From the first line to the last, retype everything below exactly, minus the pictures.

---------- Given information

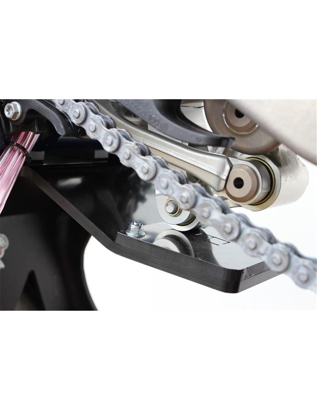 - Extended skid plate up to protect the shock absorber linkage
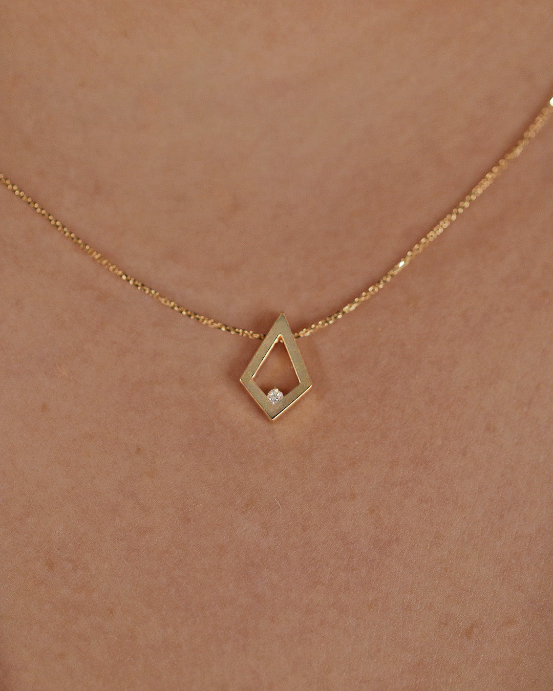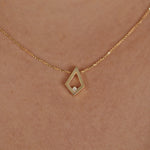 Discover understated luxury with this kite diamond necklace, where precision craftsmanship meets timeless design. The distinctive kite-shaped diamond is masterfully set in 18K yellow gold, its faceted geometry reflecting light with remarkable clarity and fire. Suspended from an elegant gold chain, this piece transcends trends while remaining effortlessly wearable. A testament to refined taste, it's the kind of jewelry that becomes a cherished heirloom, valued for both its beauty and enduring quality.
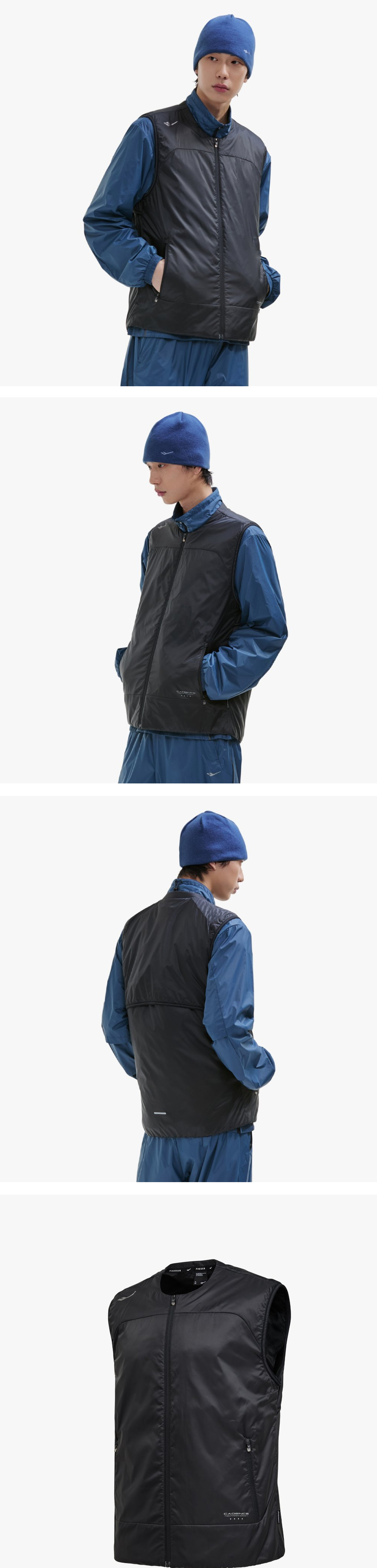 패딩 경량 러닝 베스트 경량 원단과 가슴부위 얇은 패딩 충전재 적용으로 경량성과 보온성이 우수함 등부위 벤틀레이션 기능으로 운동시 발생하는 열기를 빠르게 배출 하여 쾌적한 착용감 어깨라인 접밴드 사양으로 착용시 안정있는 착용감 제공
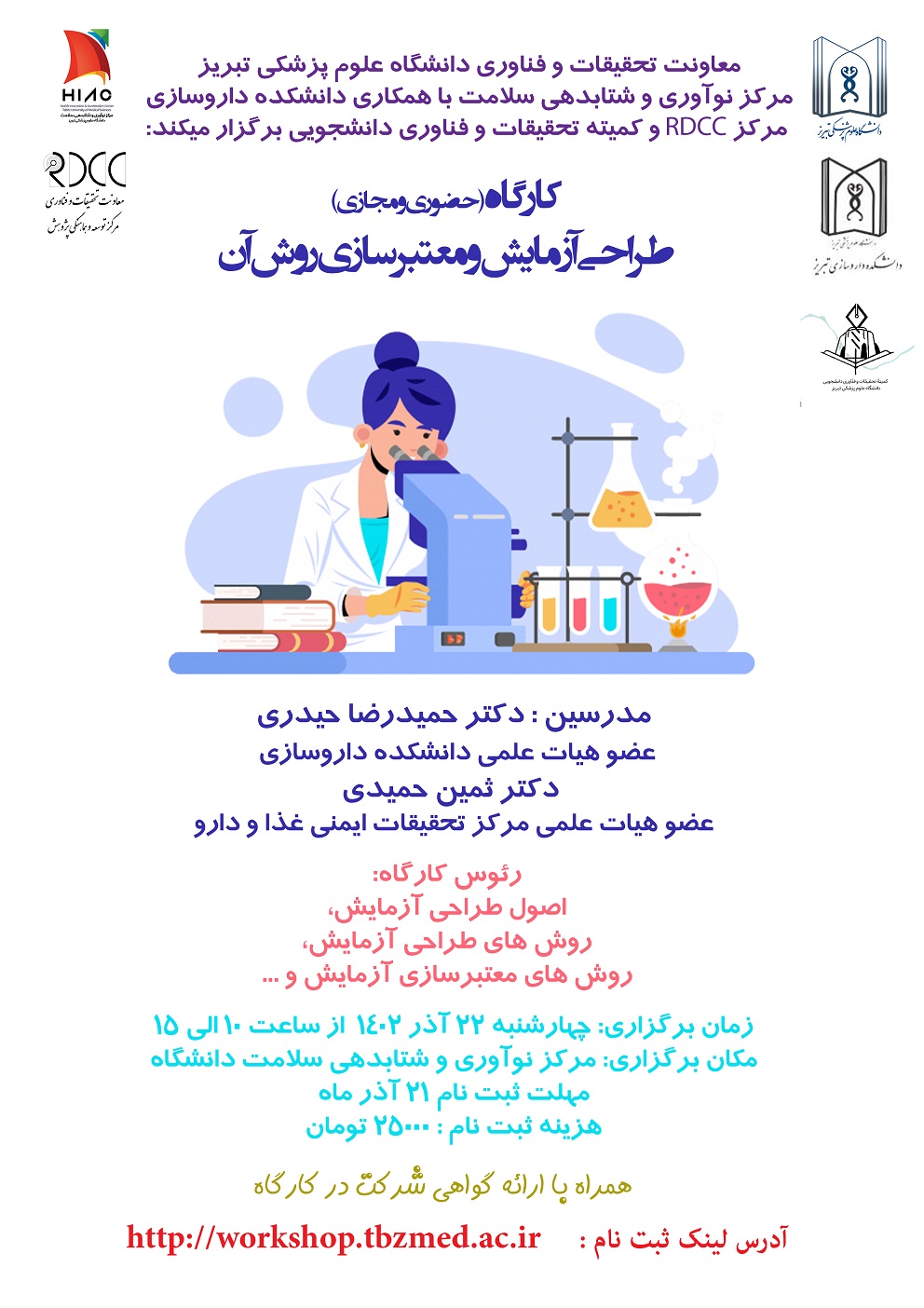مرکز نوآوری و شتابدهی سلامت با همکاری دانشکده داروسازی، مرکز RDCC و کمیته تحقیقات دانشجویی کارگاه حضوری و مجازی " طراحی آزمایش و معتبرسازی روش آن " را روز چهارشنبه 22 آذرماه 1402 برگزار می کند

--------------------

:: Answer section ::
 - Extended skid plate up to protect the shock absorber linkage
 Discover understated luxury with this kite diamond necklace, where precision craftsmanship meets timeless design. The distinctive kite-shaped diamond is masterfully set in 18K yellow gold, its faceted geometry reflecting light with remarkable clarity and fire. Suspended from an elegant gold chain, this piece transcends trends while remaining effortlessly wearable. A testament to refined taste, it's the kind of jewelry that becomes a cherished heirloom, valued for both its beauty and enduring quality.
 패딩 경량 러닝 베스트 경량 원단과 가슴부위 얇은 패딩 충전재 적용으로 경량성과 보온성이 우수함 등부위 벤틀레이션 기능으로 운동시 발생하는 열기를 빠르게 배출 하여 쾌적한 착용감 어깨라인 접밴드 사양으로 착용시 안정있는 착용감 제공
مرکز نوآوری و شتابدهی سلامت با همکاری دانشکده داروسازی، مرکز RDCC و کمیته تحقیقات دانشجویی کارگاه حضوری و مجازی " طراحی آزمایش و معتبرسازی روش آن " را روز چهارشنبه 22 آذرماه 1402 برگزار می کند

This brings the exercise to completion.